I guess Miyamoto doesn’t want players to actually use the 3DS on the go. I’d hate to see Star Fox 64: 3D go down in history as the game that started the most unintentional fights on the subway.


  • For gyro controls I’ve got no opinion – but if he goes the extra step and locks in the y-axis on the thumb pad then he’s going to have issues.

    If I buy a game and I can’t set the y-axis to inverted (I’m old) then I won’t play it. If when I get Ocarina or Starfox home I find I can’t play because he’s locked the controls I’m not go to spend the time to re-learn.
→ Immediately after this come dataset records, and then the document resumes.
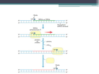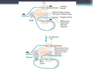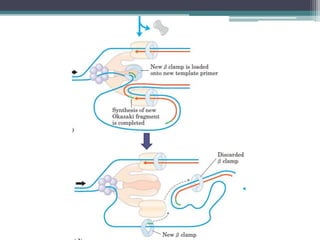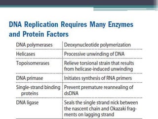 - Replication in eukaryotes involves multiple origins of replication, several DNA polymerases, and other proteins like PCNA and RFC. It also must coordinate with packaging DNA into chromatin and replication of mitochondrial DNA.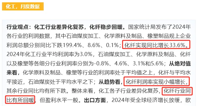 从基本面来看,兴业研究此前发布的2025年2月化工行业月度报告显示,化工行业多元化复苏,化纤稳步复苏。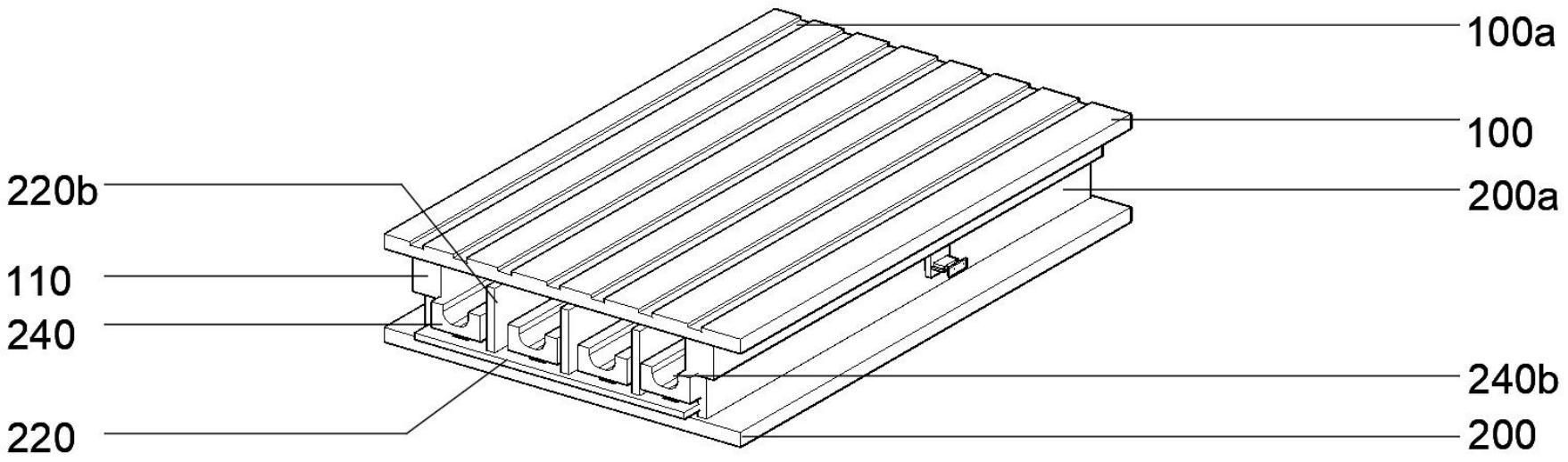 本实用新型公开一种防腐蚀塑木板材连接结构包括:上板体、下板体,上板体顶部设有多个等距防水槽,且所述防水槽连接至所述上板体内壁,且所述上板体底部两侧分别设有两个等距第一固定件,且所述第一固定件底部内壁设有连接槽,且所述连接槽连接至所述上板体底部外壁,下板体所述下板体位于所述上板体底部,且所述下板体顶部两侧分别设有与所述连接槽相适配的连接件,且所述连接件外侧壁连接至所述连接槽内侧壁,该一种防腐蚀塑木板材连接结构,能够提高所述人工在安装上的便捷性,且增加人工在工作时的效并增加整体装置的实用性。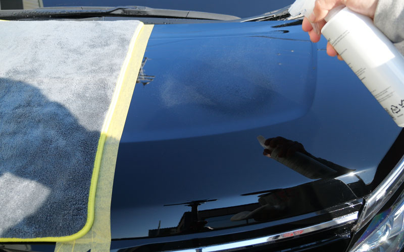 ① 洗車後、水滴が残っている状態で、ボディに直接適量を吹きかけ、固く絞ったタオルで水拭きし伸ばした後、乾いたきれいなタオルで拭き上げてください。若しくは、濡らして硬く絞ったタオルにスプレーを適量馴染ませてから、ボディに塗り広げて、間をおかずに乾いたきれいなタオルで拭き上げてください。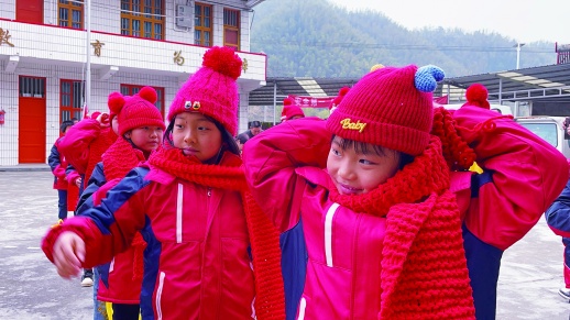 孩子们集中在操场上,志愿者将200套“温暖包”发放到孩子们手中,并给孩子们戴上亲手编织的帽子、围巾和手套,幸福的微笑洋溢在孩子们脸上。“太暖和了,我感觉戴一会就能出汗了。”几名调皮的小男孩说道,他们还互相询问对方是否暖和。得知这些围巾是爱心人士一针一线编织的,孩子们更是惊叹地称赞道,“看这些围巾多好看,比买的成品围巾还要好,有爱心的叔叔阿姨、爷爷奶奶们太厉害了。”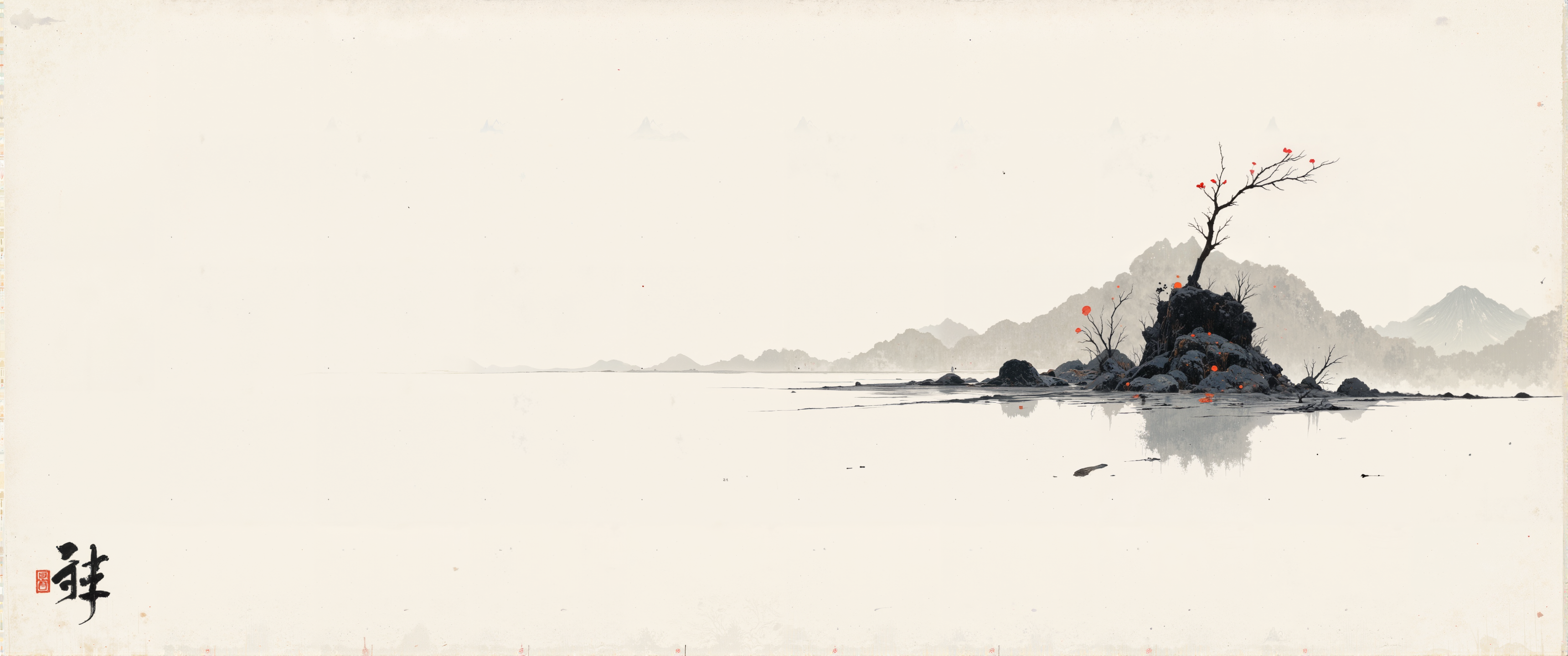 Zen calligraphy, single black brushstroke symbolizing emptiness on textured washi paper, elegant minimalist composition, intentional negative space embodying 'ma' concept, faint mountain silhouette barely visible in background, traditional sumi-e technique with varying ink intensity, contemplative atmosphere, droplets of water merging with ink representing impermanence, subtle sakura petal shadow in corner, masterful balance of presence and absence, wabi-sabi aesthetic celebrating asymmetry and natural imperfection, traditional seal mark in vermillion, faded gray tones creating depth, ethereal quality inviting inner stillness, refined artistic execution, meditative simplicity, profound quietude captured in monochromatic expression, timeless artistry, spiritual resonance, tranquil essence of Zen philosophy <lora:RM_Artistify_v1.0M:0.5> <lora:It's a LoRA for portraits, BUT! actually specialized in backgrounds. v1.0:0.2> <lora:Sinfully_Stylish_1.0_Flux:0.4> <lora:Fancha_style_v.5:0.8> <lora:flux_dev:1>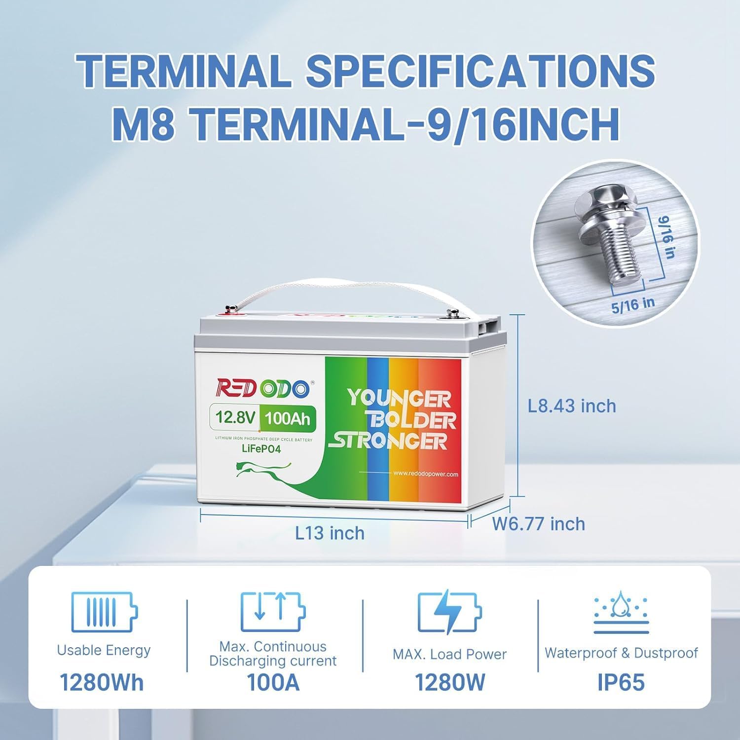 【1/3 Lightweight & 2.5X Higher ED】Redodo lithium battery 12V 100Ah measures L13*W6.77*H8.43 inches which perfectly suits for Group 31 battery box (5% minor for operability), and weighs only 22.04 lbs, only 1/3 weight of 12V100AH lead acid batteries (63.89 lbs). At the same capacity, the ED(energy density) of Redodo 12V 100Ah battery is 50.4Wh/lb, far beyond the ED of agm battery which is 20Wh/lb. Compact desigh with outstanding performance.

I’m going to take it back and tell the store clerk it’s broken.

  • “I’ve always felt that if the industry could just settle on one standard, it would be a lot easier for us developers.”

    How would it be easier for developers? Its just reversing the Y axis. Its, like, no thought at all for developing.
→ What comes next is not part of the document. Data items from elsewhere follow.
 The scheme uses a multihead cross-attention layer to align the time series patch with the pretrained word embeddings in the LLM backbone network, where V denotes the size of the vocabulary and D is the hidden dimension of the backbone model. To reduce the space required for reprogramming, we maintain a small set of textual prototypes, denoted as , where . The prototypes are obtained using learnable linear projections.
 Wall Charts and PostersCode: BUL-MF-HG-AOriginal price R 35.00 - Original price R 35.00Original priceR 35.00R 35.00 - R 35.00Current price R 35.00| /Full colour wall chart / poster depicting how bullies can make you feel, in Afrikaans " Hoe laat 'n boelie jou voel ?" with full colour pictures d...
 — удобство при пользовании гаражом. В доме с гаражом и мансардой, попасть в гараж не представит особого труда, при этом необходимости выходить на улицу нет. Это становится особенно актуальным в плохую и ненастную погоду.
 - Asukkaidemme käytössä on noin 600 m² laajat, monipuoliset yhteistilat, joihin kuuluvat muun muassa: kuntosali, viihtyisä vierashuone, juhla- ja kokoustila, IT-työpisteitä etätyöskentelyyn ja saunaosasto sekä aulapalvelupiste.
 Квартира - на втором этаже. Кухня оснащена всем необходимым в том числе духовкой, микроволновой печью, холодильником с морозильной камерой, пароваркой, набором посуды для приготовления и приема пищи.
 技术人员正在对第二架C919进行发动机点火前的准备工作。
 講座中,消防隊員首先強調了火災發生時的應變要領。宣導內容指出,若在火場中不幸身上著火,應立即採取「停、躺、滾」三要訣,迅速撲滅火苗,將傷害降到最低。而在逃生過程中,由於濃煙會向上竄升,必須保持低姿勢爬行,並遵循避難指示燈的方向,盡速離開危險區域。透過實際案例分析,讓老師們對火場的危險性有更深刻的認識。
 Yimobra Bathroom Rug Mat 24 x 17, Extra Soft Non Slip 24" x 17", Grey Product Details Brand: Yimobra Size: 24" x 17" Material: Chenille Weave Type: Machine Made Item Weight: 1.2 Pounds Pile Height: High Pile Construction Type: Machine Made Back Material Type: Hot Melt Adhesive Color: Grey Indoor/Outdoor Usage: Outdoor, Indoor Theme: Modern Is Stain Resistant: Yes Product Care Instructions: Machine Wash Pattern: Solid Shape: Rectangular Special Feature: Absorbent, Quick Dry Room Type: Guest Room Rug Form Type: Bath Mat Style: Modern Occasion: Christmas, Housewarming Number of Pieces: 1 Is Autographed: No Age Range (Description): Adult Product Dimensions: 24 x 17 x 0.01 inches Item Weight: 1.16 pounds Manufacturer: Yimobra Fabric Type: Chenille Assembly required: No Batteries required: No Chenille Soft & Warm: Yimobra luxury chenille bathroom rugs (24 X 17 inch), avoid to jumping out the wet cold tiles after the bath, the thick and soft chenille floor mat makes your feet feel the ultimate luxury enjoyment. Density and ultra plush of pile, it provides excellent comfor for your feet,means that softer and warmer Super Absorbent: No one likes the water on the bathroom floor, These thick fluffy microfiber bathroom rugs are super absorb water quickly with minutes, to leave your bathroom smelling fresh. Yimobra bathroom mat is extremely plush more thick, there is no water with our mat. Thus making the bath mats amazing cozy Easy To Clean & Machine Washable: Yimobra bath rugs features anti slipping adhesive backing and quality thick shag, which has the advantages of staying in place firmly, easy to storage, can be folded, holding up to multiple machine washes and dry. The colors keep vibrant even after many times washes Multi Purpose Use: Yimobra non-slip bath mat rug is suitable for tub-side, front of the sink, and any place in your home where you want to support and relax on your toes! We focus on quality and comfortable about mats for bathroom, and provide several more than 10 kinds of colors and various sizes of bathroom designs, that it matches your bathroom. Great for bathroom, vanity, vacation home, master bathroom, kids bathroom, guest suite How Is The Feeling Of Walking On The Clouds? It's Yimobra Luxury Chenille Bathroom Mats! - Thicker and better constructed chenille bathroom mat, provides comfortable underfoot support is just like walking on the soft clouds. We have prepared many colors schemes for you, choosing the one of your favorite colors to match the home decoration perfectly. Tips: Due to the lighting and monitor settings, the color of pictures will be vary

  • Why the heck does he care and why does he feel he has to lock people in? Seriously let the player choose.

  • This kind of sounds like a bs way of incorporating a “never before allowed” control structure for marketing/justifying the 3DS. It kind of feels like they’re breaking something that worked for the sake of novelty.
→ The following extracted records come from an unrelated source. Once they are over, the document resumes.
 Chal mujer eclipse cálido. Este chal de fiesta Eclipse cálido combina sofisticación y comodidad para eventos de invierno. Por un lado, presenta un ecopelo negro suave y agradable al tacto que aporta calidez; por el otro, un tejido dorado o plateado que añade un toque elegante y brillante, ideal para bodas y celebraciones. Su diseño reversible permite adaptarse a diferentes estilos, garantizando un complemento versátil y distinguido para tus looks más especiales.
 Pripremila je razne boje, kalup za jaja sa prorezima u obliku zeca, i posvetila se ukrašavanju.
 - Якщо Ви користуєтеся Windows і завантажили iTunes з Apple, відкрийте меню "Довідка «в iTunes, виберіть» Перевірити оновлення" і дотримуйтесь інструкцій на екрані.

    Gyroscopic movement has its place, and that place is an optional extra for novelty and the kids who are more concerned with “wheee!” than beating the level (like on Mario Kart Wii). Oh, and NOT on a device that has the screen and motion controls in the same place.

  • The Wii U Touchscreen controller. The lack of titles for the 3DS and DSi shop and now. The changing of controls.

    I think Nintendo have lost the plot.

  • I move the top of my head forward I look down, I push the stick forward I look down it’s pretty simple.

  • Um, isn’t tilting the device back and forward going to make keeping the 3D effect in view more difficult?

  • This is like saying, “We need to unite left-handers and right-handers.” We did that by just letting people do things the way it was most comfortable for them.

  • Is it just me or does it depend on the game? sometimes I invert and sometimes not. I probably invert more often than not, but there’ve been some games where that seemed counter-intuitive; I dunno why. Possibly it depends on whether the game is cockpit view or not, whether the game is flying a space-ship or else from the POV of a character ala a FPS…I honestly can’t figure out right now without a controller in my hand and/or the game in front of me which I used and want for which games. What was the default in the original SNES version of Starfox? did it HAVE an option to invert? I agree the new one had better…But so a game like say Afterburner would presumably have been the opposite? I dunno, this is driving me crazy now lol

  • You think that’s bad, there’s people like me who invert depending on the game, like Simon. FPS’ – when I’m being stupid and playing on console – = uninverted. Flight sims… That depends on the game. Something arcadey like Lylat Wars I’ll leave uninverted, something more like a flight sim I’ll invert. In F-Zero I specifically remember needing it inverted because… That’s just how it’s meant to be, in my head.

    The whole world is letting this ‘accessibility’ bullshit go to their heads. Stop configuring my things for me, then locking them out. Stop changing things to be more flashy and not letting you roll back. FOR THE LOVE OF GOD, WHY IS WINDOWS RAPIDLY PHASING OUT THE MENU BAR?

    Anyway I’m already ranting so I’ll cut it off here. Let people choose. The end.

    • That is a rant that should not be cut off. Go tell it on the mountain, and shout it from the rooftops

  • The slidey analogue is pretty horrible, anyway. And I disagree, sliding it “up” (which is really forward to some degree) doesn’t make me want it to tilt the nose up. It makes me want the top to tilt forward, looking down. You don’t lean forward to look up, you lean back.